» **RECORDS TO PROCESS**
*****

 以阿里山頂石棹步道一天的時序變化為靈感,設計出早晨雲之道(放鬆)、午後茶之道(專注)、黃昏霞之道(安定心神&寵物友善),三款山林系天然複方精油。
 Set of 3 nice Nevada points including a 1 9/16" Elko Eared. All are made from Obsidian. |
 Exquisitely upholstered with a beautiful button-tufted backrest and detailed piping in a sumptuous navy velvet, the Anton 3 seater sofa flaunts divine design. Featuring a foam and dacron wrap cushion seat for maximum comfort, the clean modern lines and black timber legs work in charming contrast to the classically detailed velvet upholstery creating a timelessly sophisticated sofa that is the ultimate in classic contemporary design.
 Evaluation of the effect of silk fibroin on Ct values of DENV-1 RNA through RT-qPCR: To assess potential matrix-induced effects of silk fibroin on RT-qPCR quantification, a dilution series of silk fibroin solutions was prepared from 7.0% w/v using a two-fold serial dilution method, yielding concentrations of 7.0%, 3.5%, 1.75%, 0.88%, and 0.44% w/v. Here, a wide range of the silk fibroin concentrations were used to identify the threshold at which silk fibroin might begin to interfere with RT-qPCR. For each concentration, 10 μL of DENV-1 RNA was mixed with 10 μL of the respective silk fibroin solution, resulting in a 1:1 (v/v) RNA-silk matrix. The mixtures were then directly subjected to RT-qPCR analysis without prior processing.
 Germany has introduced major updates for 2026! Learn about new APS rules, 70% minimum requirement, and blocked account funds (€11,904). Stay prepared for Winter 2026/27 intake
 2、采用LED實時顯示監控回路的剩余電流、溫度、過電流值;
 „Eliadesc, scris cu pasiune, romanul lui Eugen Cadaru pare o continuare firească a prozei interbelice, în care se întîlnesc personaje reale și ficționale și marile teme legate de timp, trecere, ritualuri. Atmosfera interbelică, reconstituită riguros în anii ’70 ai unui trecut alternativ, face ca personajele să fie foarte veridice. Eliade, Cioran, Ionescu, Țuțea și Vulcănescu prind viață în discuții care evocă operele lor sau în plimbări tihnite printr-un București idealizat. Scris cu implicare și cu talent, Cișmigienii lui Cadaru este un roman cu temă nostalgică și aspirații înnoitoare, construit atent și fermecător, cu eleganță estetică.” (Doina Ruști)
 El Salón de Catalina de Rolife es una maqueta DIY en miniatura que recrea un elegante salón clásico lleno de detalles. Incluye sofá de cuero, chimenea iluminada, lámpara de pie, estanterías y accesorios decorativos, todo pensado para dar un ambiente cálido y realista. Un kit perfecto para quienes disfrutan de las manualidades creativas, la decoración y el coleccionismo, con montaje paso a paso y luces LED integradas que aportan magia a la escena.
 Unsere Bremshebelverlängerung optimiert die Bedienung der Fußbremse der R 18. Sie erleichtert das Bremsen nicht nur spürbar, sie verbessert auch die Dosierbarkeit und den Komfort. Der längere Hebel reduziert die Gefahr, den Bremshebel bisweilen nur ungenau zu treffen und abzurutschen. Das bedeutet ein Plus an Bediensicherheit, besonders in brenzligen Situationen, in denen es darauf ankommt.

*****

The required answer is the run of lines above, starting at the line with "Germany has introduced" and ending at the line with "El Salón de", reproduced exactly with both ends.

» **FINISHED TASK**
 Germany has introduced major updates for 2026! Learn about new APS rules, 70% minimum requirement, and blocked account funds (€11,904). Stay prepared for Winter 2026/27 intake
 2、采用LED實時顯示監控回路的剩余電流、溫度、過電流值;
 „Eliadesc, scris cu pasiune, romanul lui Eugen Cadaru pare o continuare firească a prozei interbelice, în care se întîlnesc personaje reale și ficționale și marile teme legate de timp, trecere, ritualuri. Atmosfera interbelică, reconstituită riguros în anii ’70 ai unui trecut alternativ, face ca personajele să fie foarte veridice. Eliade, Cioran, Ionescu, Țuțea și Vulcănescu prind viață în discuții care evocă operele lor sau în plimbări tihnite printr-un București idealizat. Scris cu implicare și cu talent, Cișmigienii lui Cadaru este un roman cu temă nostalgică și aspirații înnoitoare, construit atent și fermecător, cu eleganță estetică.” (Doina Ruști)
 El Salón de Catalina de Rolife es una maqueta DIY en miniatura que recrea un elegante salón clásico lleno de detalles. Incluye sofá de cuero, chimenea iluminada, lámpara de pie, estanterías y accesorios decorativos, todo pensado para dar un ambiente cálido y realista. Un kit perfecto para quienes disfrutan de las manualidades creativas, la decoración y el coleccionismo, con montaje paso a paso y luces LED integradas que aportan magia a la escena.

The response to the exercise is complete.